Airline was a British fly on the wall television programme produced by LWT that showcases the daily happenings of passengers, ground workers and flight crew of Britannia Airways (series 1) and later EasyJet (from series 2).

The show was broadcast between March 1998 and January 2007 on ITV, was often repeated on ITV2 and aired in syndication on Pick (previously known as Sky Three and Pick TV), Sky Real Lives and, as of 4 February 2019, CBS Reality. The programme's success sparked a US version of the series, following American low-cost airline Southwest Airlines.

Production
EasyJet were first approached about the possibility of filming during mid-1998, after the first series with Britannia Airways (filmed at Manchester Airport in 1997) was discontinued.

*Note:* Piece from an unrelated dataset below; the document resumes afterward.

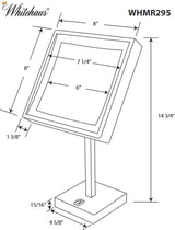 Whitehaus Collection's Free-Standing Square Mirror with LED lighting and 5x magnification offers you a sleek and modern look, while providing close-up magnification. Perfect for a bath or dressing room, this versatile mirror has all the features you need to look your best. An on/off flip switch on the base will activate the LED lighting around the perimeter of the mirror when you need it and the 5x magnification mirror pivots so you can be sure every detail is in place. This high quality square vanity mirror easily moves to any room and fits onto any counter. Available in your choice of either polished chrome or brushed nickel.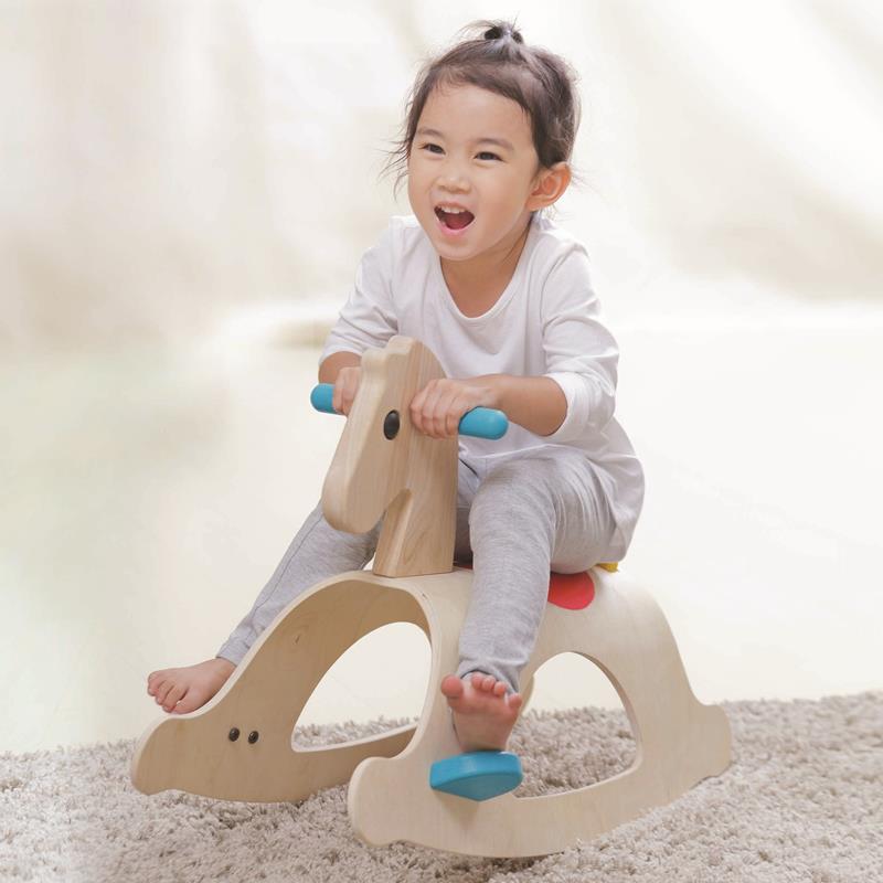 Palonm is built on parallel rockers so children can rock backwards and forwards. By rocking on toys like the Palomino, children will gain better balance and strength in their leg muscles. Rocking horses are also great for role play. Plan Toys manufactures their toys in a sustainable manner. They were the first company to use wood is from rubber trees that are no longer productive. Such trees would normally be cut down and burned. Palomino Rocking Horse is made in Thailand. Some assembly is required.

The first series with EasyJet was broadcast in January 1999, and the programme continued with them until it was discontinued. In 2003 it was ITV's most popular factual programme. The programme has been sold to many countries worldwide, including New Zealand, Australia, and Japan.

Starting with the second series in 1999, the programme follows passengers and staff of EasyJet and Reed Aviation (the handling agents) including Manager: Graham Fraser; Check-in trouble-shooter: Jane Boulton; Check-in assistant: Katrina Leeder; Supervisors: Leo Jones, Brett Holland and Leanne Cheung, Dispatcher: Kevin Reardon; Captain: James McBride, Stewardess: Janey Stock and Stelios as well as many passengers. The series were originally set in Liverpool and Luton but later incorporated Belfast, Bristol and Newcastle airports. Airline was also occasionally filmed at Gatwick and Stansted airports. Tony Robinson and Veronika Hyks replaced Charlie Higson as voiceover.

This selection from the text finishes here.